CCA identified dimensional representation of cognition features quantified by the MCCB that were associated with the dimensional representation of clinical symptoms quantified by the SOPS. The first leading pair of dimensions extracted by CCA from the cognition and clinical symptoms showed a statistically significant correlation coefficient of 0.49 (pChisq < 0.001).

The first cognition component (canonical variate) included a combination of the Trail Making A and the BACS Symbol Coding Test, defined as speed of processing features of cognition that were correlated with negative symptoms and functional deterioration (Figure 2). The scatter plot illustrates the correlation between dimensional cognitive scores and dimensional clinical scores for negative symptoms and functional deterioration. To the left of scatterplot, SOPS clinical score loadings are depicted for those symptoms with the strongest loadings. Below the scatterplot, MCCB cognitive score loadings are depicted for those tests with the strongest loadings.

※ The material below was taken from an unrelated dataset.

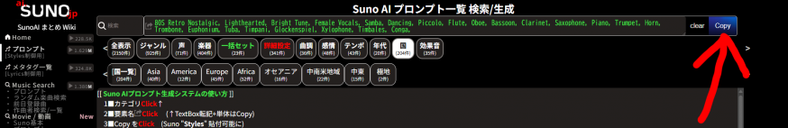 入れたいものを全部入れたら上の欄の右側にある「Copy」をクリックして、『SUNO AI』に戻り、「Styles」にペーストします。
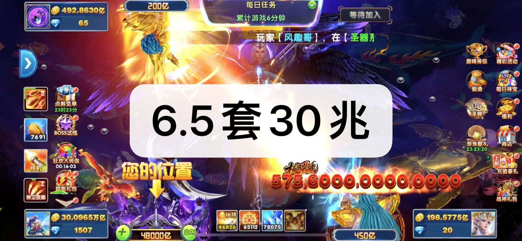 捕鱼大作战v3,51600万亿虚炮90,黄金吕布带超能巅峰15。八开可以改密保

The second leading pair of dimensions extracted from CCA showed a strong tendency toward a statistical significant correlation coefficient of 0.41 (pChisq = 0.076). The second cognition component included the HVLT-R (verbal learning domain), the Spatial Span (working memory domain) and the BVMT-R (visual learning domain) and was correlated with clinical symptoms defined to be positive symptoms and emotional disorganization (Figure 3).

Hierarchical cluster

To explore clusters in the CHR sample, hierarchical cluster analysis was applied to assign CHR individuals to nested subgroups with similar patterns of relationship between clinical symptoms and cognition. Our analysis revealed three CHR clusters defined by distinct and relatively homogeneous patterns along two dimensions (Figures 2 and 3), comprising 14.2% (Cluster 1, n = 41), 37.4% (Cluster 2, n = 108) and 48.4% (Cluster 3, n = 140) of the 289 CHR individuals, respectively.

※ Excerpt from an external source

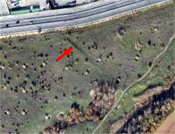 Finalmente, según las fotografías aéreas de Google Maps -por el momento no he tenido ocasión de inspeccionarlo personalmente-, se aprecia lo que parece ser una zanja rectilínea en lo que queda sin edificar de la antigua dehesa de Matillas, el triángulo formado por la M-300, el polígono industrial Matillas y el Henares. ¿Pudiera corresponder esta zanja de unos 70 metros de longitud, que arranca del margen de la M-300 para acabar a otros tantos del camino que discurre paralelo al río, del que le separan otros 40 metros más, al antiguo cauce del Bañuelos anterior al desvío de 1699? Porque si éste no pasaba por aquí, tampoco parece que se desviara demasiado.

This three-cluster solution was optimal for defining relatively homogeneous subgroups while ensuring that individual cluster sample sizes provided sufficient statistical power to detect meaningful differences for prediction of psychosis and clinical-cognitive features (Tables 1 and 2). The results of a four-cluster solution are presented in Supplementary-2 sFigure 3.

Prediction

Tables 1 and 2 depict the demographic, clinical and cognitive profiles of the three clusters defined by the CCA based on clinical and cognitive features. The features of the three subtypes are summarized as follows: Cluster 1—extensive and severe deficits in negative, cognitive and functional performance; Cluster 2—thought and behavioral disorganization, and partial and moderate cognitive deficits (working memory, attention and visual learning); and Cluster 3—limited and mild deficits in clinical symptoms and cognition (visuospatial memory; see Supplementary-3 sFigure 5). Of the total 289 CHR individuals, 54 (18.7%) converted to full psychosis during the follow-up period, 16 of 41 individuals (39.0%) in the Cluster 1 group, 12 of 108 individuals (11.1%) in the Cluster 2 group, and 26 of 140 individuals (18.6%) in the Cluster 3 group had converted to full psychosis during the follow-up period. Therefore, to test further the utility of the three cluster subtypes in predicting psychosis, Kaplan–Meier survival curves were constructed for the three clusters. In Figure 5, survival curves show that the conversion rate was significantly higher in Cluster 1 CHR individuals compared with the other two clusters. Supplementary-2 sFigure 4 shows that four cluster subtypes solution would not improve the prediction power of the three-cluster solution.

Discussion

This study used CCA to determine whether the CHR sample is composed of different subtypes that can be distinguished by combinations of clinical and cognitive variables. We found three such subtypes, with subjects from subtype 1 displaying extensive and severe deficits in negative, cognitive and functional performance, and showing the highest conversion risk (39.0%). The CCA method extends the previous work of the LCCA-driven approach (Healey et al., 2018; Ryan et al., 2017; Valmaggia et al., 2013) to avoid multicollinearity (Liu et al., 2009) (highly correlated relationship between the variables in the LCCA model make the model difficult to estimate accurately). CCA uses information from all the variables in the clinical and cognitive variable sets, maximizes the estimation of the relationship between the two sets (Kabir et al., 2014) and may identify CHR subtypes in a more efficient way. Compared with conventional multiple testing, CCA may also help reduce type-1 error and increase result accuracy. Our analyses produced statistical support for the existence of three subtypes within the Chinese CHR population, as well as effective characteristic variables for distinguishing subtype 1 subjects from the other two subtypes, which are negative symptoms and cognitive deficits.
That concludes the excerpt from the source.